Pattern matching
In awk, simple matching goes like this using the ~ operator. (all examples use myFile.txt)
Code: Select all
C:\> type myFile.txt
yearID,lgID,teamID,Half,divID,DivWin,Rank,G,W,L
1981,NL,ATL,1,W,N,4,54,25,29
1981,NL,ATL,2,W,N,5,52,25,27
1981,AL,BAL,1,E,N,2,54,31,23
1981,AL,BAL,2,E,N,4,51,28,23
1981,AL,BOS,1,E,N,5,56,30,26
1981,AL,BOS,2,E,N,2,52,29,23
1981,AL,CAL,1,W,N,4,60,31,29
1981,AL,CAL,2,W,N,6,50,20,30
1981,AL,CHA,1,W,N,3,53,31,22
1981,AL,CHA,2,W,N,6,53,23,30
1981,NL,CHN,1,E,N,6,52,15,37
1981,NL,CHN,2,E,N,5,51,23,28
1981,NL,CIN,1,W,N,2,56,35,21
1981,NL,CIN,2,W,N,2,52,31,21
1981,AL,CLE,1,E,N,6,50,26,24
1981,AL,CLE,2,E,N,5,53,26,27
1981,AL,DET,1,E,N,4,57,31,26
1981,AL,DET,2,E,N,2,52,29,23
1981,NL,HOU,1,W,N,3,57,28,29
1981,NL,HOU,2,W,N,1,53,33,20
1981,AL,KCA,1,W,N,5,50,20,30
1981,AL,KCA,2,W,N,1,53,30,23
1981,NL,LAN,1,W,N,1,57,36,21
1981,NL,LAN,2,W,N,4,53,27,26
1981,AL,MIN,1,W,N,7,56,17,39
1981,AL,MIN,2,W,N,4,53,24,29
C:\>awk "/divID/" myFile.txt
yearID,lgID,teamID,Half,divID,DivWin,Rank,G,W,L
The above says to find any lines that has the string "divID" . For pattern matching, the regex pattern to find is usually enclosed in / /.

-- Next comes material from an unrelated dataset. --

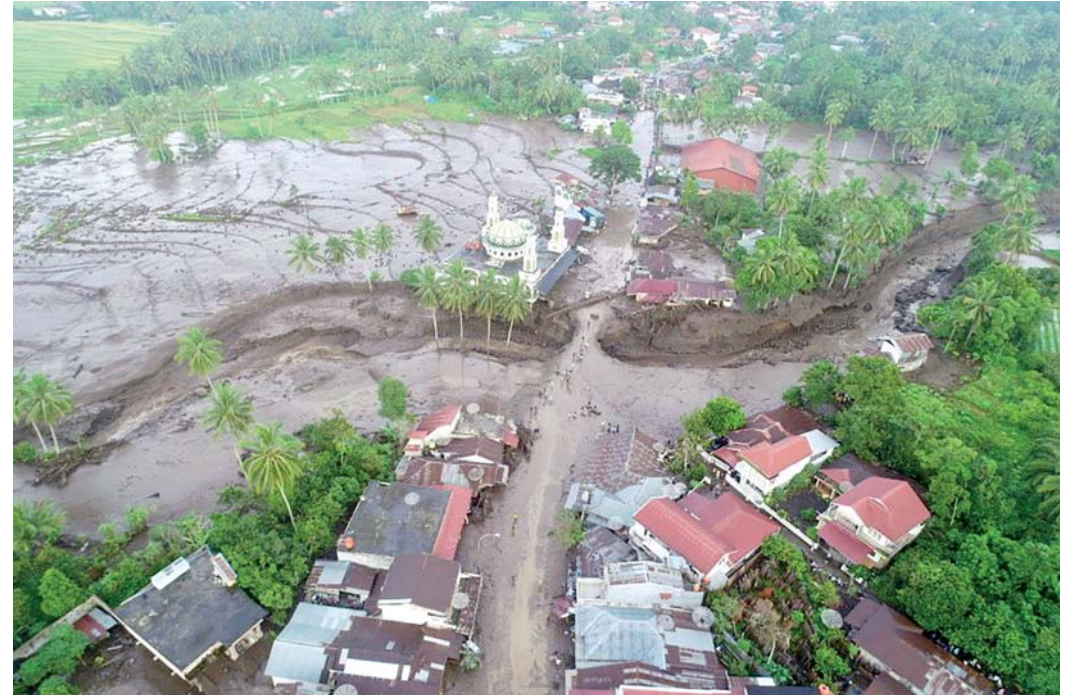
An aerial view of a damaged area after flash floods and the flow of cold lava from a volcano in Tanah Datar, West Sumatra, yesterday.

of a three-year-old and an eight-year-old, were identified yesterday, Malik said in an earlier statement.

If you want case-insensitive search , use the IGNORECASE variable
Code: Select all
C:\>awk "BEGIN{IGNORECASE=1}/divid/" myFile.txt
yearID,lgID,teamID,Half,divID,DivWin,Rank,G,W,L
Setting IGNORECASE to 0 toggles it back to case-sensitive.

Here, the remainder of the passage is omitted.